» **DIRECTIONS**
Can you write out every line from the start of the records below through the line containing "Otóż przed chwilą", leaving out any pictures?

» **SUPPLIED RECORDS**
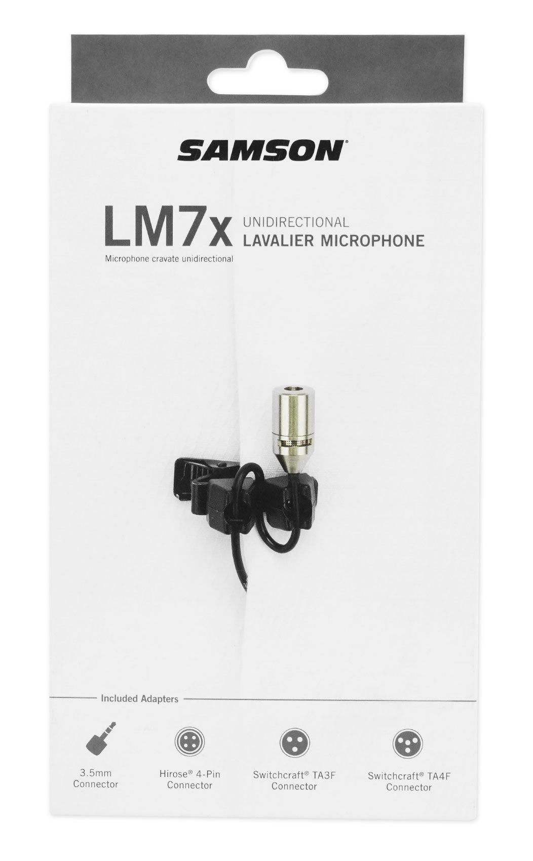 The Samson LM7x is a low-profile, unidirectional lavalier microphone with a
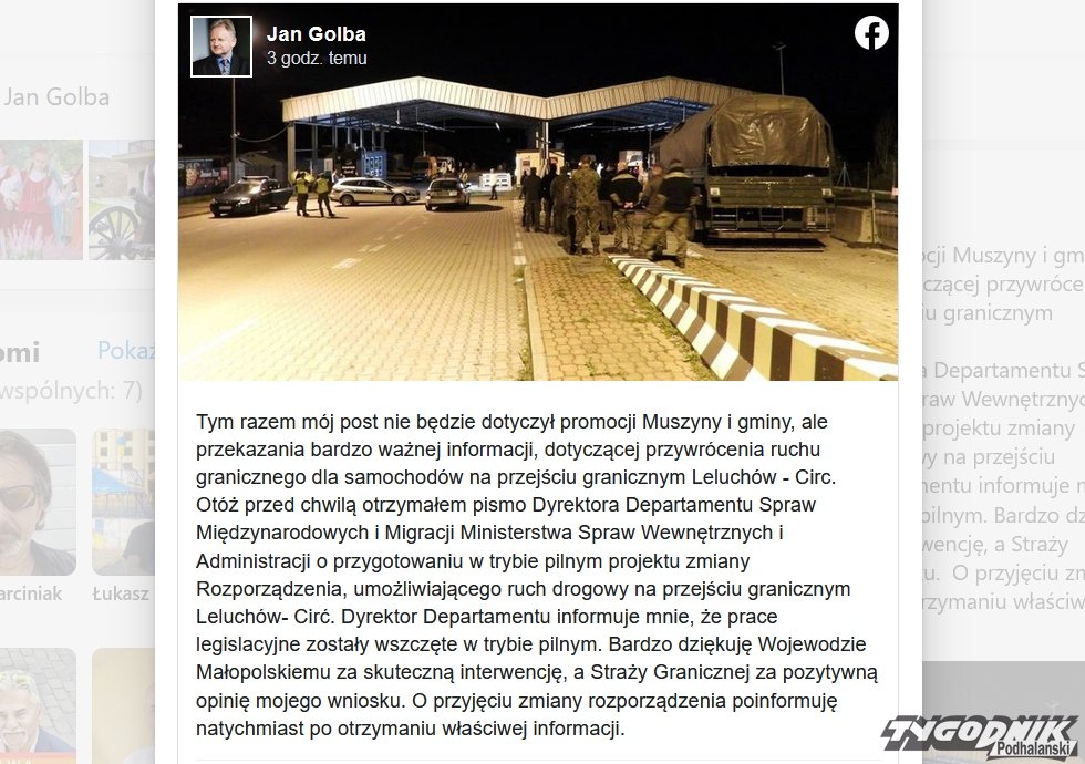 Otóż przed chwilą otrzymałem pismo Dyrektora Departamentu Spraw Międzynarodowych i Migracji Ministerstwa Spraw Wewnętrznych i Administracji o przygotowaniu w trybie pilnym projektu zmiany Rozporządzenia, umożliwiającego ruch drogowy na przejściu granicznym Leluchów- Cirć. Dyrektor Departamentu informuje mnie, że prace legislacyjne zostały wszczęte w trybie pilnym. Bardzo dziękuję Wojewodzie Małopolskiemu za skuteczną interwencję, a Straży Granicznej za pozytywną opinię mojego wniosku. O przyjęciu zmiany rozporządzenia poinformuję natychmiast po otrzymaniu właściwej informacji."
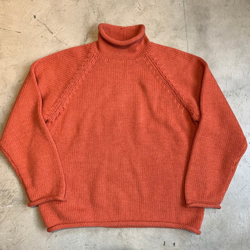 90年代頃のJ.CREWロールネックウールセーターです。OLD GAPと共に人気の高いブランドです。ジェイクルーの定番ともいえる首、袖、裾が巻き上がったデザインが特徴のアイテムです。こちらはウール100%を使用しています。若干の毛羽たちはあるもののダメージや汚れなどほとんどございません。S表記ですが、ゆったりとした作りですので、M~L相当だと思います。綺麗なオレンジ色ですので、コーディネートの差し色としてとても使い易くデニムやミリタリーアイテムとも相性が良いのでオススメです。90's頃のグッドレギュラーをお探しな方は是非いかがでしょうか。
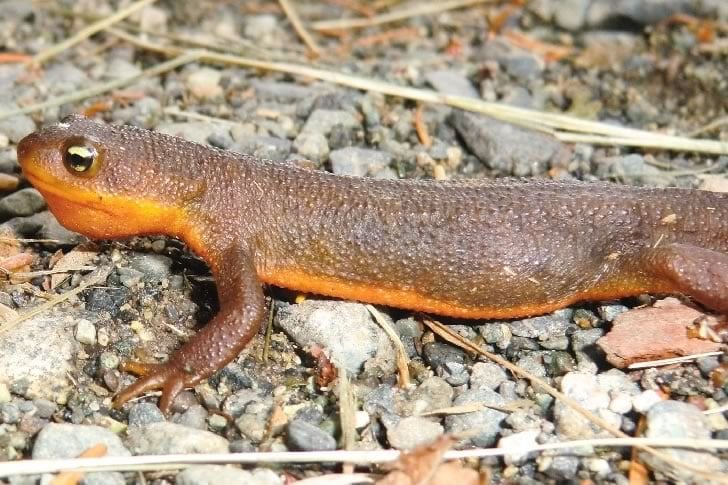 A salamandra-da-califórnia é um anfíbio venenoso que habita a costa oeste dos Estados Unidos. Tem as costas pretas e o abdómen de um vermelho vivo, assemelhando-se à salamandra-de-barriga-vermelha japonesa. Quando atacada por um inimigo, liberta uma toxina poderosa chamada tetrodotoxina, a mesma que se encontra no baiacu, através das verrugas nas costas, por isso é preciso ter cuidado mesmo ao tocá-la.
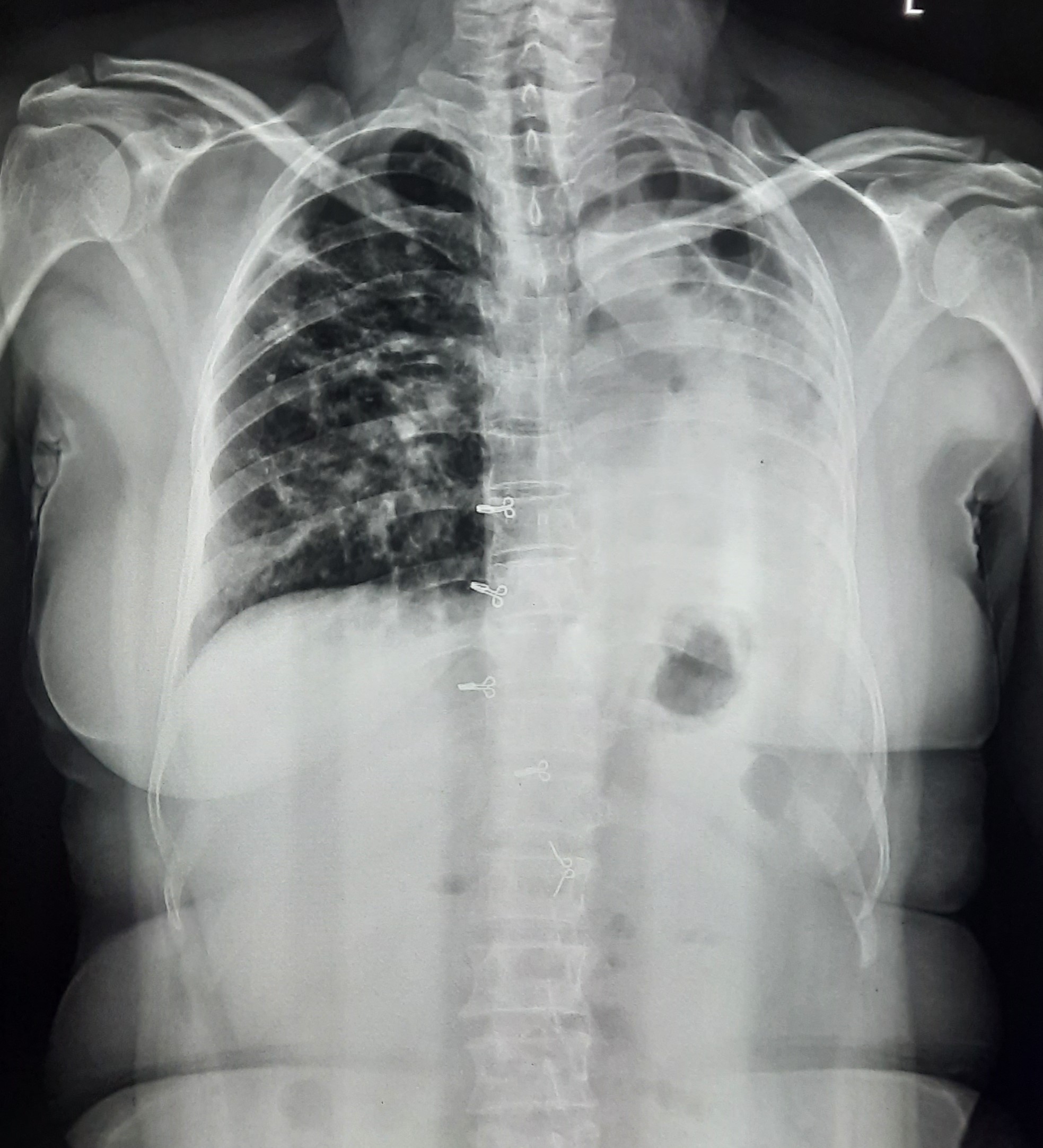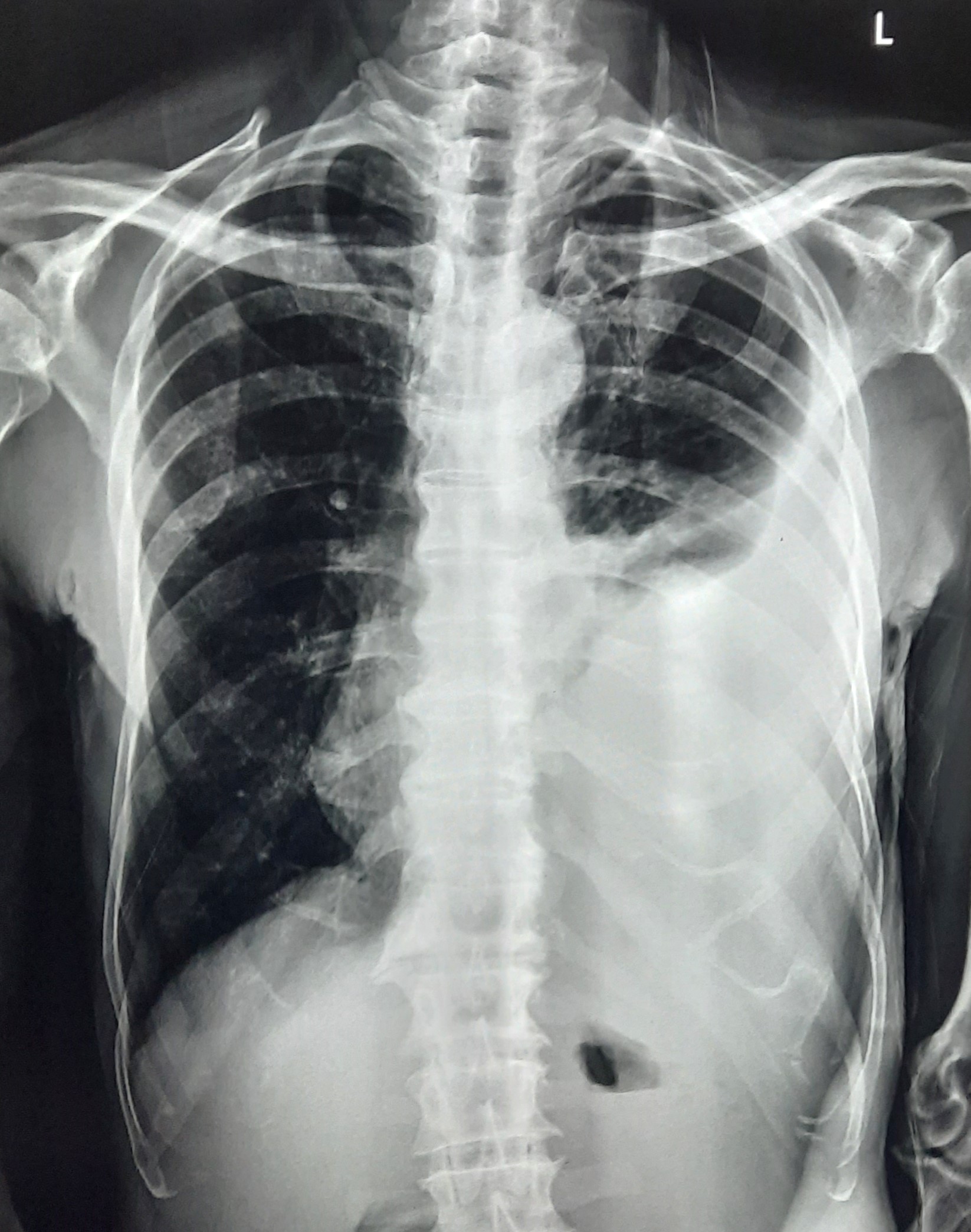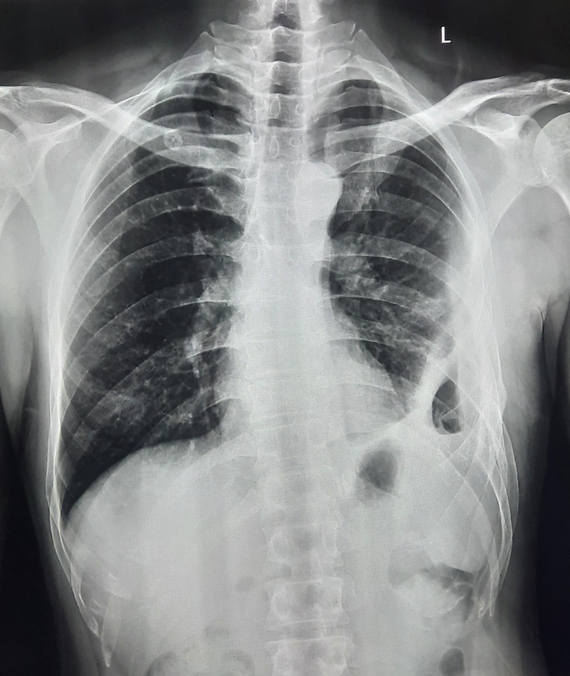 Non-TB Case (Confirmed) | Left Hydropneumothorax With Pleural Fibrosis? | Abnormality visible on x-ray |
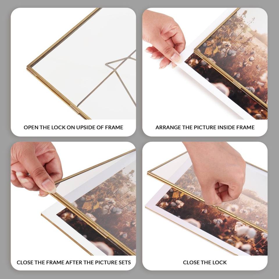 Brass Antique Photo Frame / Recycled Glass & Brass Portrait Photo Frames With Stand A4 / 21 x 29.7 cm

» **SOLUTION FOR THIS PROBLEM**
 The Samson LM7x is a low-profile, unidirectional lavalier microphone with a
 Otóż przed chwilą otrzymałem pismo Dyrektora Departamentu Spraw Międzynarodowych i Migracji Ministerstwa Spraw Wewnętrznych i Administracji o przygotowaniu w trybie pilnym projektu zmiany Rozporządzenia, umożliwiającego ruch drogowy na przejściu granicznym Leluchów- Cirć. Dyrektor Departamentu informuje mnie, że prace legislacyjne zostały wszczęte w trybie pilnym. Bardzo dziękuję Wojewodzie Małopolskiemu za skuteczną interwencję, a Straży Granicznej za pozytywną opinię mojego wniosku. O przyjęciu zmiany rozporządzenia poinformuję natychmiast po otrzymaniu właściwej informacji."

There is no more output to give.